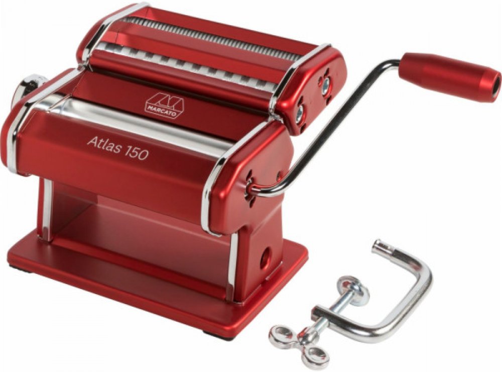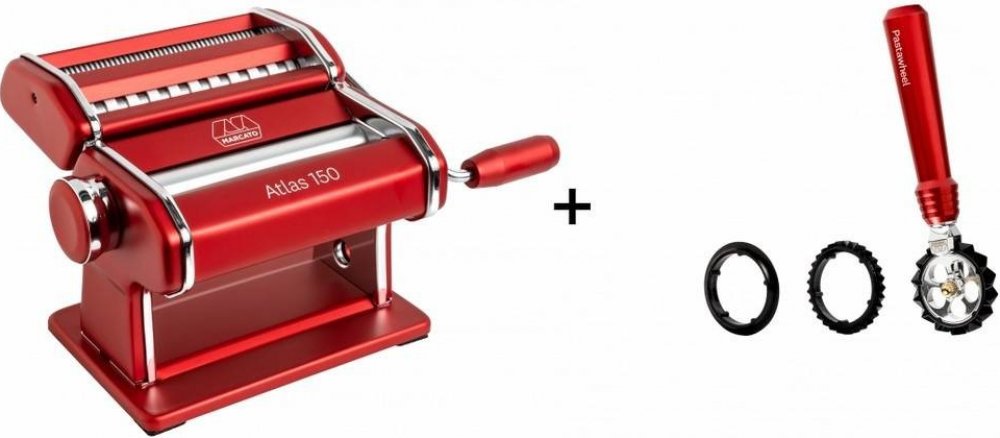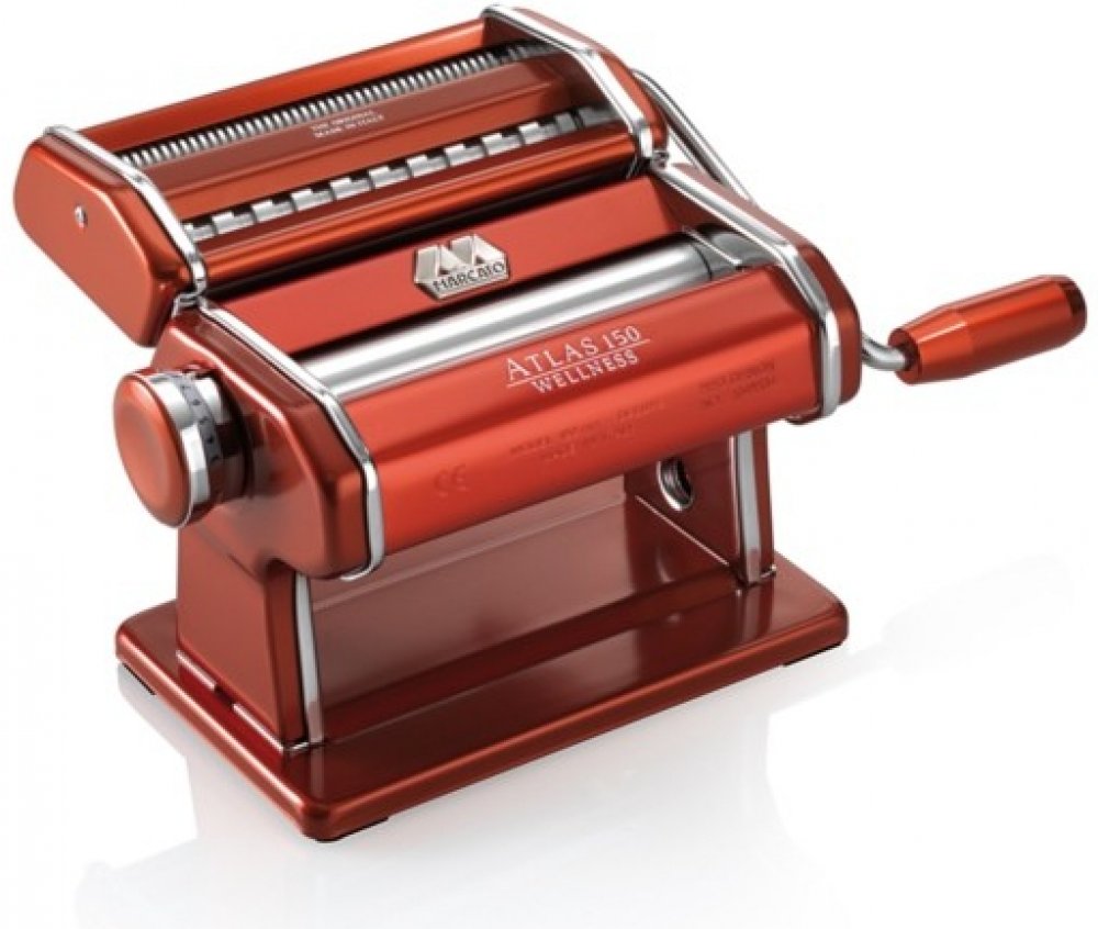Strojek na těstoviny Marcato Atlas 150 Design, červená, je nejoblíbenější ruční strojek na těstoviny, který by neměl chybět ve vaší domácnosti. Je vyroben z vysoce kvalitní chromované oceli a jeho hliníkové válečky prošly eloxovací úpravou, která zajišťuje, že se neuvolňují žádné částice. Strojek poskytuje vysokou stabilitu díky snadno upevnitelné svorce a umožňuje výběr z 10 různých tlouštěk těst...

---

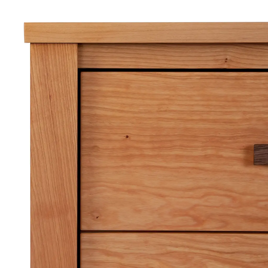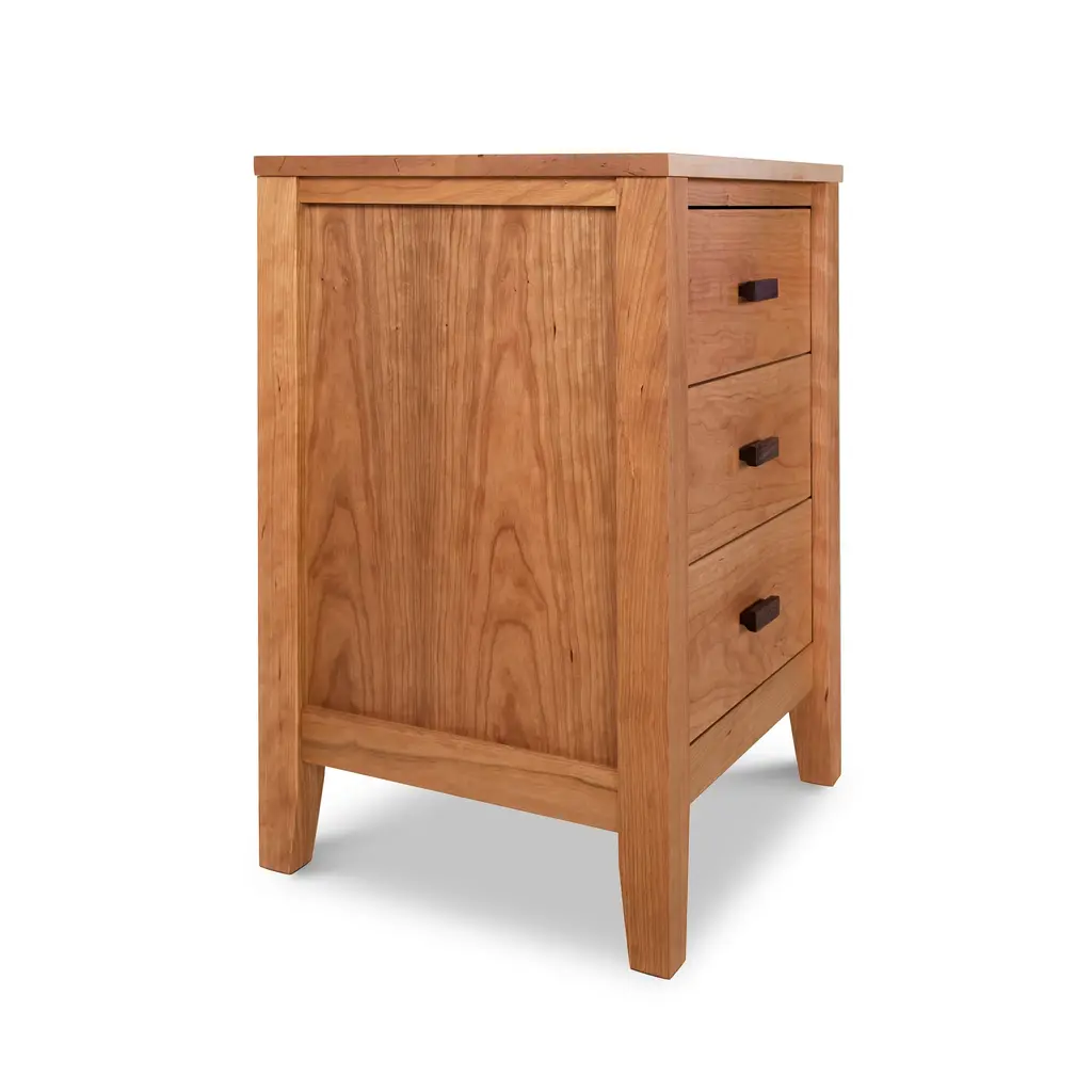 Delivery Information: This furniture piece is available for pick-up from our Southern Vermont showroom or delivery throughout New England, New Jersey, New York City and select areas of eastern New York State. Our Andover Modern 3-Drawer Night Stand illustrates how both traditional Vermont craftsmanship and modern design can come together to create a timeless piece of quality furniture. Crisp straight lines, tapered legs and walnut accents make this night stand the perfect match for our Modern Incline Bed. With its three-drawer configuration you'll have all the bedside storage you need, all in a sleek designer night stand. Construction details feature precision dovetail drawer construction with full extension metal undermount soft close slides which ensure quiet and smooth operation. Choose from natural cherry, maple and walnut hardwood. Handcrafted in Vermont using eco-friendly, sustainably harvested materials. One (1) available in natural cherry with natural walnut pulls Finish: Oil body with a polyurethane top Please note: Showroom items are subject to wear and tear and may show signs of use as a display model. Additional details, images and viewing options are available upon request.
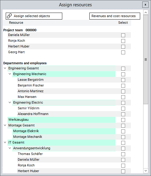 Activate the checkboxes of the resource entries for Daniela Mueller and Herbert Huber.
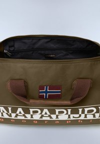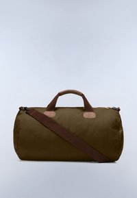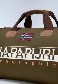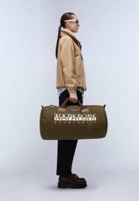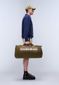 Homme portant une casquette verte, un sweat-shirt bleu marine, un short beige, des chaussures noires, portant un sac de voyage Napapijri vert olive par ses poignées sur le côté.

### To do
Transcribe, word for word, the lines of the listing above from the one that contains "Delivery Information: This" through the one that contains "Homme portant une", keeping both ends and dropping the pictures.

### Task answer
 Delivery Information: This furniture piece is available for pick-up from our Southern Vermont showroom or delivery throughout New England, New Jersey, New York City and select areas of eastern New York State. Our Andover Modern 3-Drawer Night Stand illustrates how both traditional Vermont craftsmanship and modern design can come together to create a timeless piece of quality furniture. Crisp straight lines, tapered legs and walnut accents make this night stand the perfect match for our Modern Incline Bed. With its three-drawer configuration you'll have all the bedside storage you need, all in a sleek designer night stand. Construction details feature precision dovetail drawer construction with full extension metal undermount soft close slides which ensure quiet and smooth operation. Choose from natural cherry, maple and walnut hardwood. Handcrafted in Vermont using eco-friendly, sustainably harvested materials. One (1) available in natural cherry with natural walnut pulls Finish: Oil body with a polyurethane top Please note: Showroom items are subject to wear and tear and may show signs of use as a display model. Additional details, images and viewing options are available upon request.
 Activate the checkboxes of the resource entries for Daniela Mueller and Herbert Huber.
 Homme portant une casquette verte, un sweat-shirt bleu marine, un short beige, des chaussures noires, portant un sac de voyage Napapijri vert olive par ses poignées sur le côté.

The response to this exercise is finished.